■ EXERCISE DIRECTIONS: Please write out only the lines from the line with "CS Replika Drawn" to the line with "Desde STEs defendemos", inclusive, exactly as they stand below, without the pictures.

═══ SOURCE MATERIAL

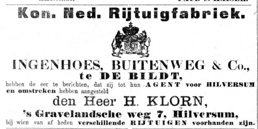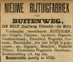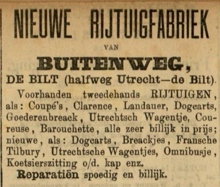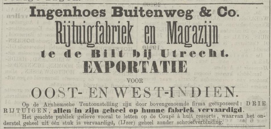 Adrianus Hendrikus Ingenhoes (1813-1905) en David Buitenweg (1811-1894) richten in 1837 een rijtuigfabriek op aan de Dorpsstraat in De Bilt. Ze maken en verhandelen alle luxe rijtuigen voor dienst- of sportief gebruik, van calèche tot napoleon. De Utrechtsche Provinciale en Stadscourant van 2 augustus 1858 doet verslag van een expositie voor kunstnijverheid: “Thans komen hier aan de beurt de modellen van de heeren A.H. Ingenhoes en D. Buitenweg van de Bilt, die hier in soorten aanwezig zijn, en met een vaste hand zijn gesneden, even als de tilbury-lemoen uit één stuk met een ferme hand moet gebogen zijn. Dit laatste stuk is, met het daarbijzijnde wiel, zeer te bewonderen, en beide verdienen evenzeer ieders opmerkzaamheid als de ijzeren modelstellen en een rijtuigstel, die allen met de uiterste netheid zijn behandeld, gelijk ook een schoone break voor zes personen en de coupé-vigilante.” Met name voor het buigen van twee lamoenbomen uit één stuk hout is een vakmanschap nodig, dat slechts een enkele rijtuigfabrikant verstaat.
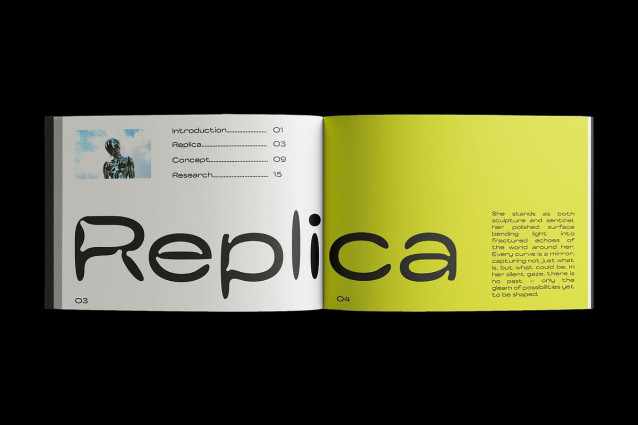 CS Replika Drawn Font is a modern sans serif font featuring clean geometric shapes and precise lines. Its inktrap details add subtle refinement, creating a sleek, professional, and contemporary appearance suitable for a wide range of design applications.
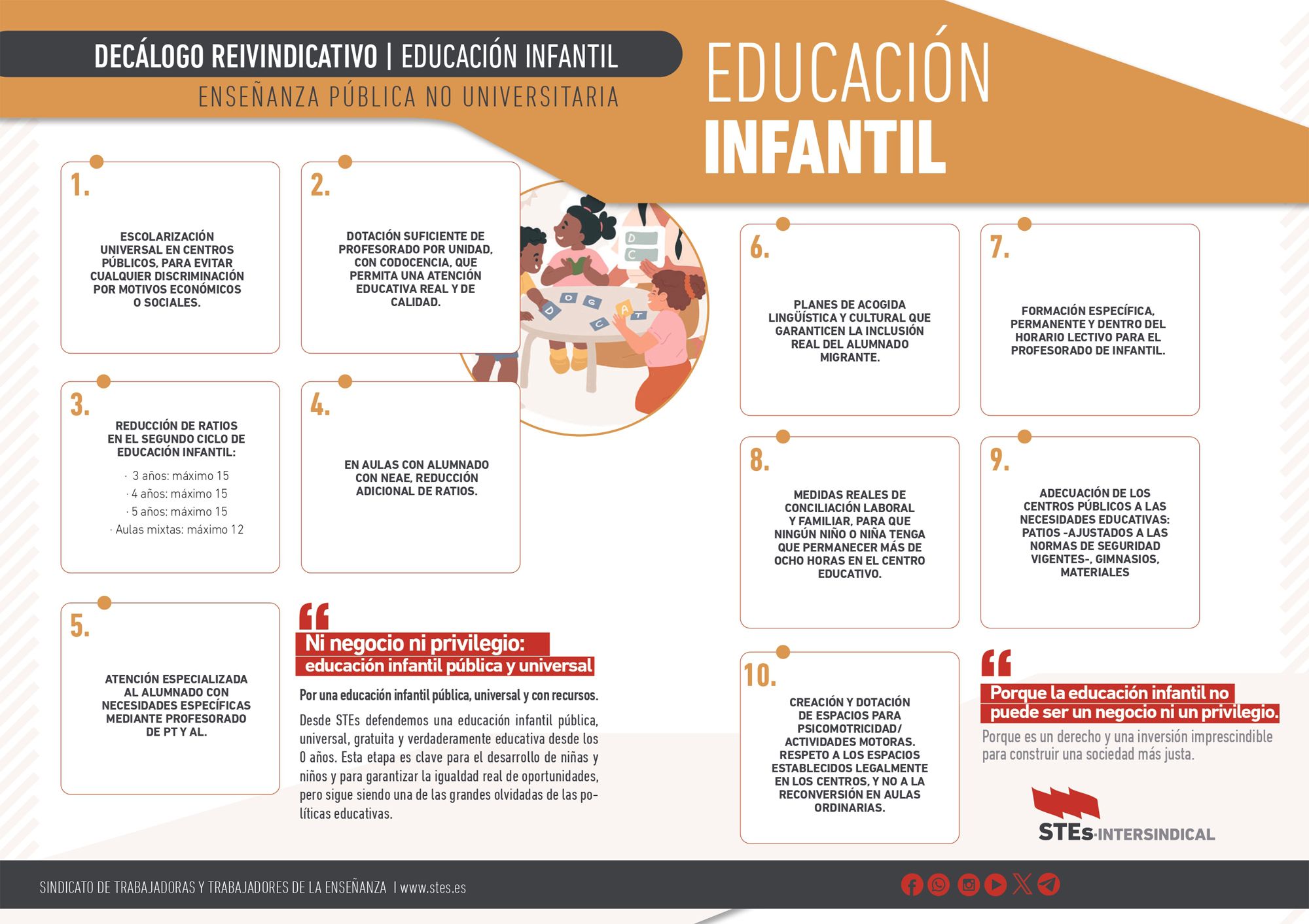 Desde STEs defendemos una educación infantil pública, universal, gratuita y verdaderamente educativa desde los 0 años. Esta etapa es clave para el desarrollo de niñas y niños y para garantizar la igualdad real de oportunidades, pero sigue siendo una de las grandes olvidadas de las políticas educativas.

══════
═══ SOURCE MATERIAL

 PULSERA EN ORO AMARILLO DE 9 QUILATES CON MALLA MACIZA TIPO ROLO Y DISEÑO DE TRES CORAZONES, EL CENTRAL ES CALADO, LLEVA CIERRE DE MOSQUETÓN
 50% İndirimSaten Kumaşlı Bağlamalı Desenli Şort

══════
═══ SOURCE MATERIAL

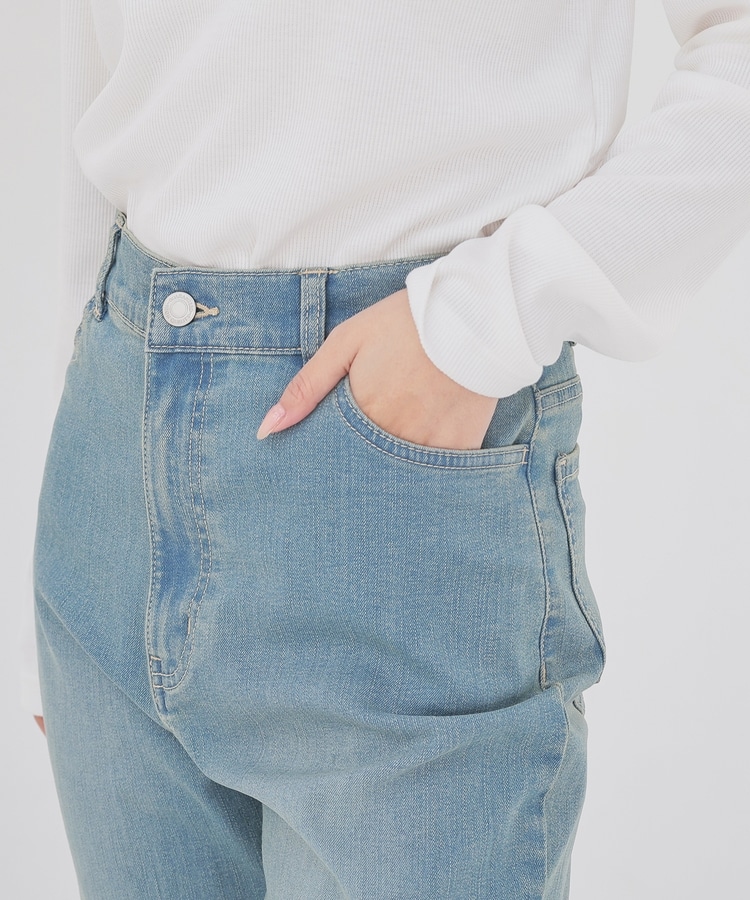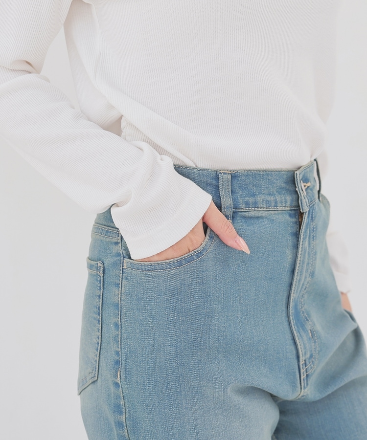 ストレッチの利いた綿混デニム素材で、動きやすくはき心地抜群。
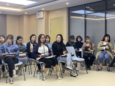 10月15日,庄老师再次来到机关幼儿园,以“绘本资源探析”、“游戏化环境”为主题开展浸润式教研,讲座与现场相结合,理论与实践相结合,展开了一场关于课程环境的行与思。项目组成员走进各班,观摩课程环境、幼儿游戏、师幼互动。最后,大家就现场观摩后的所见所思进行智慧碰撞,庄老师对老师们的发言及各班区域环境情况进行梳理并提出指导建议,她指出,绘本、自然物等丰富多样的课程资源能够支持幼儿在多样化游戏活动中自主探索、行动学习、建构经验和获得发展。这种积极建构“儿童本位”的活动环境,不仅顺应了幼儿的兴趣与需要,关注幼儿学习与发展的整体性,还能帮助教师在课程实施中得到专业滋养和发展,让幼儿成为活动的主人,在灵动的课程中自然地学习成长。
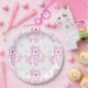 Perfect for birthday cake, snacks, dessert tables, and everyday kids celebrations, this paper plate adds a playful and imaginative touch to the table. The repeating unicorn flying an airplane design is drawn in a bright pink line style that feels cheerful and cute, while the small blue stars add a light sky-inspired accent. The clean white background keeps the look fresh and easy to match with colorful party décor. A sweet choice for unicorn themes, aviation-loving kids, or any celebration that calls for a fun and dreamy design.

══════

■ EXERCISE RESULT:
 CS Replika Drawn Font is a modern sans serif font featuring clean geometric shapes and precise lines. Its inktrap details add subtle refinement, creating a sleek, professional, and contemporary appearance suitable for a wide range of design applications.
 Desde STEs defendemos una educación infantil pública, universal, gratuita y verdaderamente educativa desde los 0 años. Esta etapa es clave para el desarrollo de niñas y niños y para garantizar la igualdad real de oportunidades, pero sigue siendo una de las grandes olvidadas de las políticas educativas.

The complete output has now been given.